▸ Instructions for the task: Images aside, the whole listing should be written out word for word.

::::::::

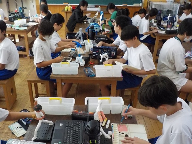 2組は図工「未来の自分」です。なりたい自分、続けたいこと、やってみたいことなどを立体作品として表現します。
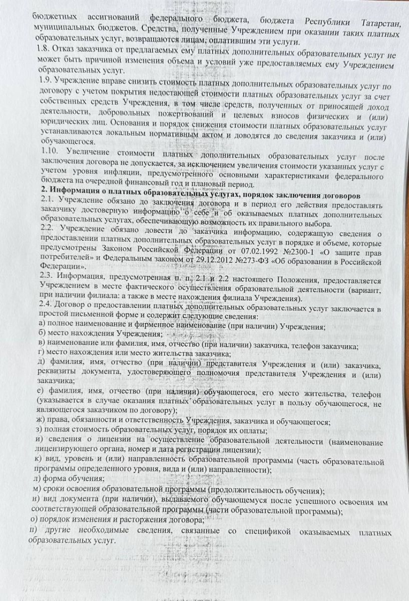 Положение о платных дополнительных образовательных услугах
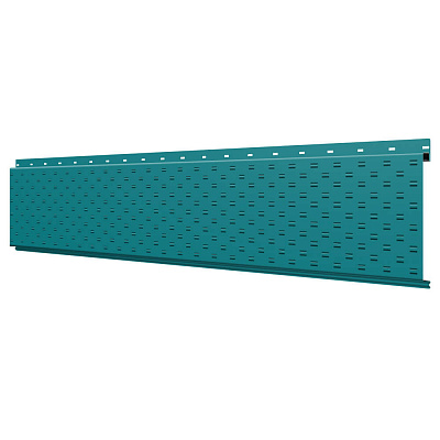 Линеарная потолочно-стеновая панель с ПЕРФОРАЦИЕЙ для вентиляции цвет RAL5021 Морская Волна применяется в качестве софитов для подшивы крыши, наружной и внутренней отделки потолков, стен, фронтонов фасада дома в Волгограде.
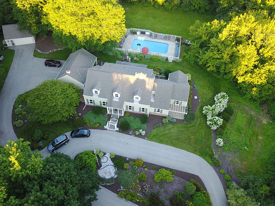 Unique & exceptional quality encompass comfort, class & impressive details. The chef's kitchen has 2 islands & is the heart of the home, opening to a family room w/ natural FP. Adjacent LR features a gas FP. beveled glass doors throughout the LL. 1st floor master suite has 2 full baths & 2 walk-in closets! 3 spacious BR grace the upstairs along w/ 2 full baths & a large loft area for reading, playing games, or lounging. Private serene setting w/ beautiful seasonal gardens. Relax on one of the multiple patios, take a refreshing swim in the in-ground heated pool, or enjoy the peacefulness of the walking trails that have been thoughtfully groomed in the wooded area of the property. 3.5 car attached garage plus additional 2.9 car detached garage. Horses allowed. ext; Cedar clapboard over brick
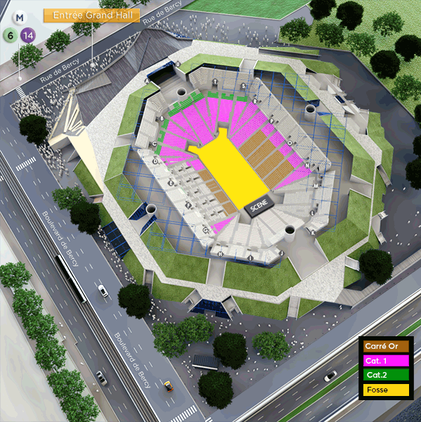 Placement Mixte Catégories OR, 1 & 2 : Places assises numérotées Fosse debout Early : Placement en fosse debout. Accès au site 30 minutes avant l'ouverture générale des portes. Au delà des 30 minutes, l'entrée anticipée ne sera plus garantie. - Attention! Du fait de la modularité de la salle la numérotation des gradins est inversée Le rang 01 est donc le plus éloigné de la scène l'orchestre et les balcons ont une numérotation normale - Tous les spectateurs doivent impérativement être en possession d'un billet, y compris les enfants quel que soit leur âge. - Réservation pour personne en situation d'handicap, et personne à mobilité réduite : 01.46.91.57.54
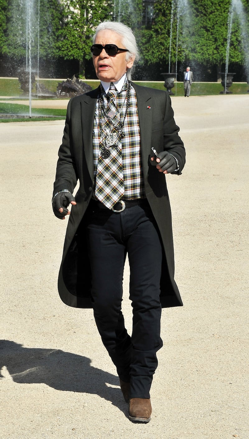 Lagerfeld arrives at the Chanel 2012–13 Cruise Collection at Versailles on May 14, 2012, proudly wearing plaid.

::::::::

▸ Task answer:
 2組は図工「未来の自分」です。なりたい自分、続けたいこと、やってみたいことなどを立体作品として表現します。
 Положение о платных дополнительных образовательных услугах
 Линеарная потолочно-стеновая панель с ПЕРФОРАЦИЕЙ для вентиляции цвет RAL5021 Морская Волна применяется в качестве софитов для подшивы крыши, наружной и внутренней отделки потолков, стен, фронтонов фасада дома в Волгограде.
 Unique & exceptional quality encompass comfort, class & impressive details. The chef's kitchen has 2 islands & is the heart of the home, opening to a family room w/ natural FP. Adjacent LR features a gas FP. beveled glass doors throughout the LL. 1st floor master suite has 2 full baths & 2 walk-in closets! 3 spacious BR grace the upstairs along w/ 2 full baths & a large loft area for reading, playing games, or lounging. Private serene setting w/ beautiful seasonal gardens. Relax on one of the multiple patios, take a refreshing swim in the in-ground heated pool, or enjoy the peacefulness of the walking trails that have been thoughtfully groomed in the wooded area of the property. 3.5 car attached garage plus additional 2.9 car detached garage. Horses allowed. ext; Cedar clapboard over brick
 Placement Mixte Catégories OR, 1 & 2 : Places assises numérotées Fosse debout Early : Placement en fosse debout. Accès au site 30 minutes avant l'ouverture générale des portes. Au delà des 30 minutes, l'entrée anticipée ne sera plus garantie. - Attention! Du fait de la modularité de la salle la numérotation des gradins est inversée Le rang 01 est donc le plus éloigné de la scène l'orchestre et les balcons ont une numérotation normale - Tous les spectateurs doivent impérativement être en possession d'un billet, y compris les enfants quel que soit leur âge. - Réservation pour personne en situation d'handicap, et personne à mobilité réduite : 01.46.91.57.54
 Lagerfeld arrives at the Chanel 2012–13 Cruise Collection at Versailles on May 14, 2012, proudly wearing plaid.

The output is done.